Measure three things: metrics, logs, and traces. Standardize on OTel. Add span links for a bet across edge, API, risk, and ledger. Start with the hot path and the slow path. See OpenTelemetry docs. For time series and SLO boards, Prometheus is a safe bet in any cloud.
Test game days. Rehearse a big night with synthetic load. Try dark launches and canaries. Flip features with flags. Make safe defaults. Drill a cache‑off day and a broker‑slow day. You will learn fast what breaks and what bends.

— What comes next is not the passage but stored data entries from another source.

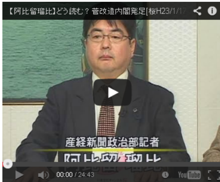
【阿比留瑠比】どう読む？菅改造内閣発足[桜H23/1/17]
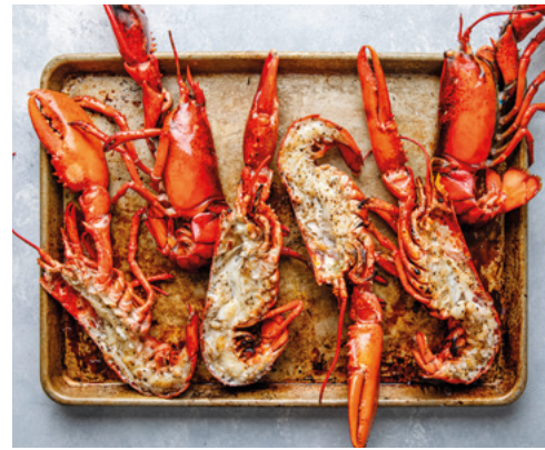
906010 · PV partido mitad Bogavante 450/500
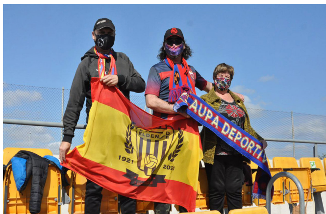
Algunos aficionados han acudido a acompañar al Eldense | Vicen Muñoz.

La derrota del Eldense en el Nuevo Pepico Amat ante el Alzira podría dejarle sin ascenso siempre que el Intercity Sant Joan sume los tres puntos contra el rival que hoy noqueó a un conjunto azulgrana sin pólvora en Villarreal, a pesar de estar arropados por varios seguidores desplazados a tierras castellonenses.
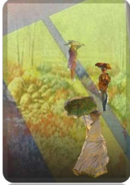
شكل ( 62 ) الأداء البعدي
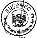
RUBEN ORLANDO RODRIGUEZ RABANAL Superintendente Nacional Superintendencia Nacional de Control de Servicios de Seguridad, Armas, Municiones y Explosivos de Uso Civil - SUCAMEC
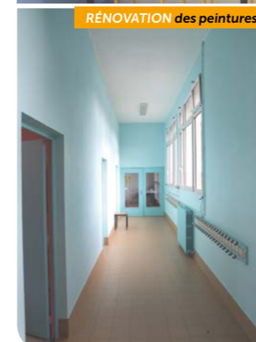
RÉNOVATION des peintures
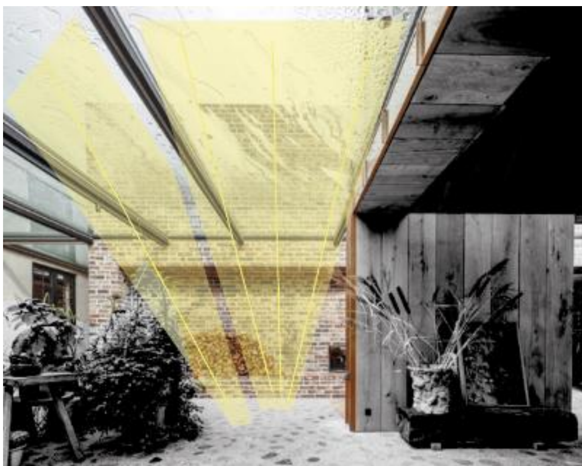
Ilustración 8 (Hjortshoj, ARCHITONIC, s.f.)
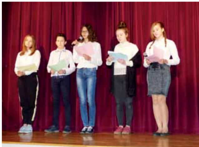
Uczniowie z SP w Nowych Zdunach przedstawili wiersze o dawnych i współczesnych Zdunach.

Mówił on o I wojnie światowej i okolicznościach, jakie doprowa-
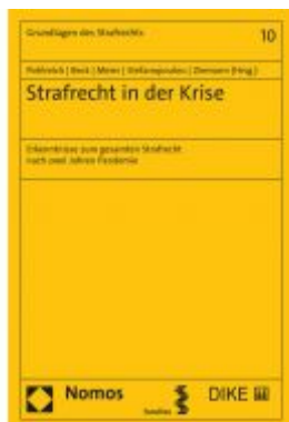
Strafrecht in der Krise Ladenpreis: 70,00 EUR
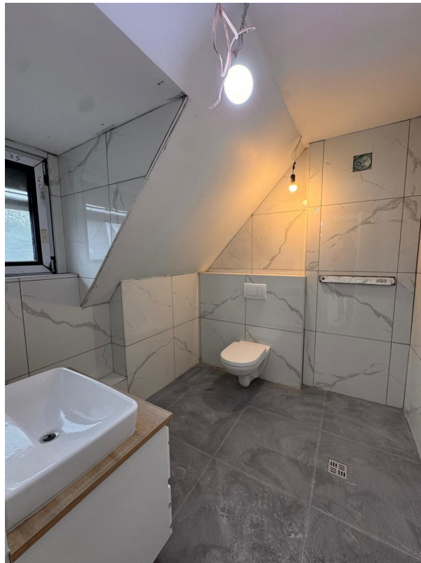
Bad im DG
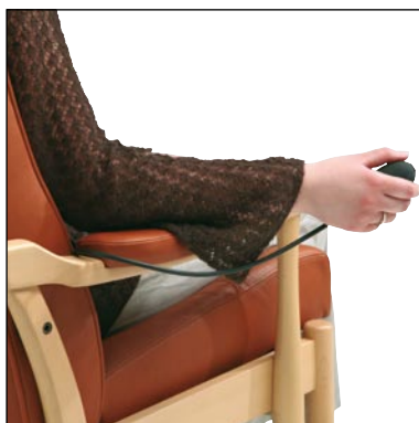
Oppustelig lændestøtte 0760
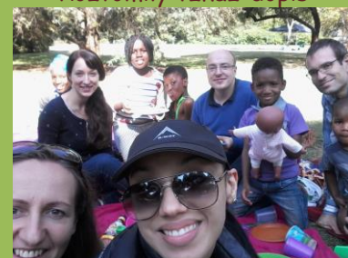
Velikonoční neděle a piknik v místní botanické zahradě
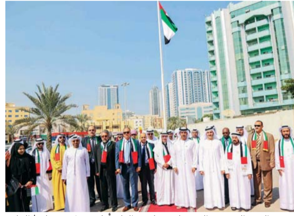
■ عبد العزيز النعيمي والمسؤولون يرفعون العلم أمام متحف عجمان | البيان

وقام الشيخ عبد العزيز بن حميد يرافقه المديرون العامون وكبار موظفي الدائرة برفع العلم أمام متحف عجمان، وسط احتفالية ضخمة، شهدت تقديم الأناشيد الوطنية وأهازيج فرق الفنون الشعبية، وإطلاق مسيرة الدراجات النارية التي ترفع علم الإمارات المجلس الأعلى حكام الإمارات وشيوخها في لفحة تعبر عن مدى الاعتزاز بهذه المناسبة الوطنية. وقال الشيخ عبد العزيز بن حميد النعيمي: إن احتفالية يوم العلم تتويج لعهدة هذا الوطن التي لا تزال ترسم على مدار تاريخه بإنجازات أبنائه حتى وصل إلى المكانة الرفيعة التي تشرف به كرمز للسيادة والعطاء.
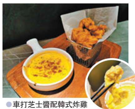
●車打芝士醬配韓式炸雞
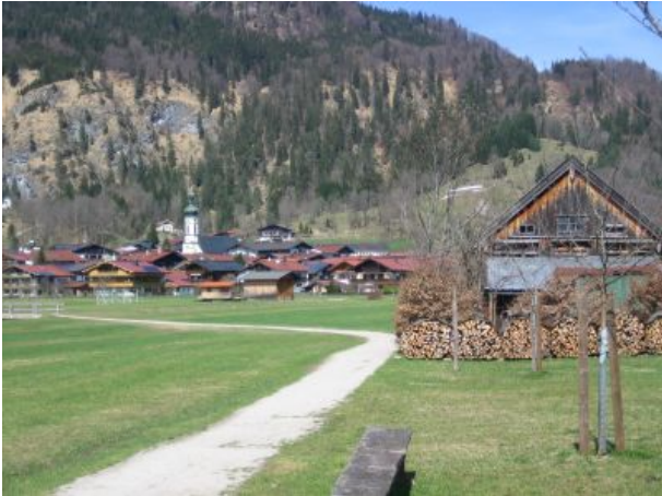
Blick Richtung Ortskern Reit im Winkl
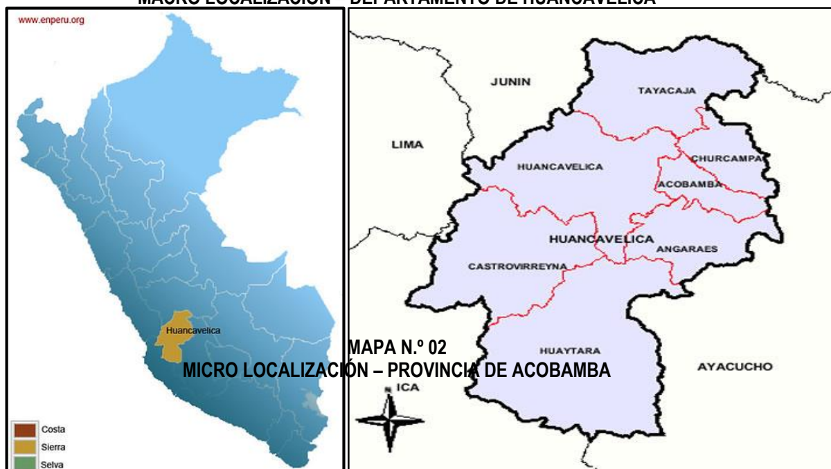
MAPA N.º 01 MACRO LOCALIZACIÓN – DEPARTAMENTO DE HUANCVELICA
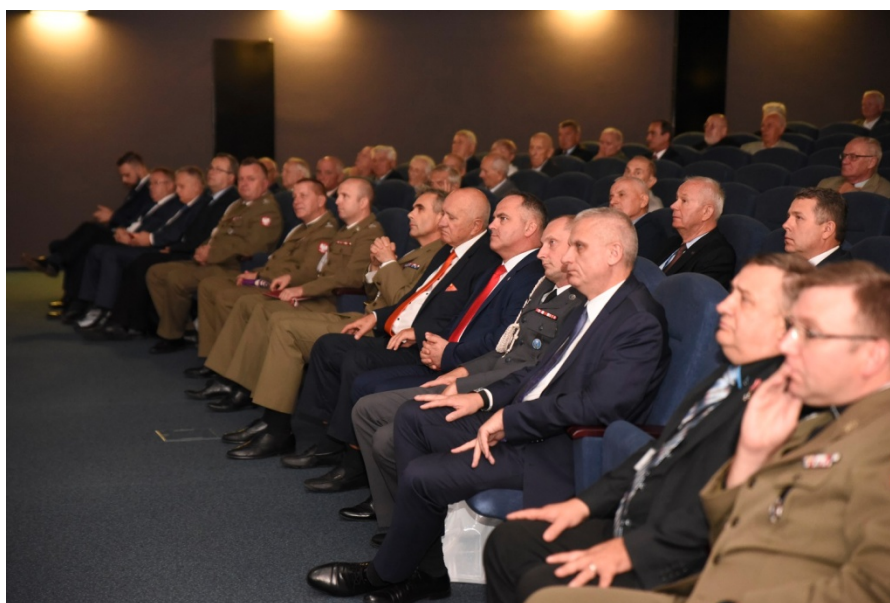
Goście obchodów Jubileuszu 25-lecia ŚZPŻŁ
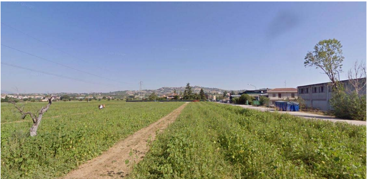
Foto lotto oggetto di variante, vista centrale da sud verso nord

Trust comes from clear rules and clear talk. Show status. Explain payout delays in plain words. Keep a fair help path. In some regions, study the UK Gambling Commission Remote Technical Standards and their spirit. Then bake that into tests and logs.
Listen to users, not only to graphs. Independent review hubs can show real pain points that logs miss. For example, guides to bästa mobil casinon (best mobile casinos) collect reports on payout speed, mobile UX, and trust. Read such notes with care. They can help you pick fixes that boost real trust, not just metrics.
Deploy in small steps. Keep feature flags. Roll back fast. Keep config in git. Use IaC for all infra. Treat runbooks as code. For K8s shops, review the Kubernetes production checklist and apply only what you need for the hot path first.
How do I stop double charges on retry? Use an idempotency key from the client. Store the key and result for a short time. On repeat, return the same result.
What if Kafka lags at peak? Shed load at producers. Add partitions with care. Slow consumers should be in their own group. Do not block the hot path on stream work.
Do I need strict serializable for the ledger? Often yes. If not, you must prove safety for your bet model. Test with chaos and high write rates.
Which metrics matter most? SLO per slice. For bets: p95 latency, error rate, dedup hits, queue depth, and DB lock waits. For odds: publish lag and subscriber lag.
Alex Morozov is a Principal SRE and former Head of Platform in iGaming. He has led edge, data, and SRE teams through top sports nights across EU and APAC. He writes field‑first guides for engineers who carry the pager.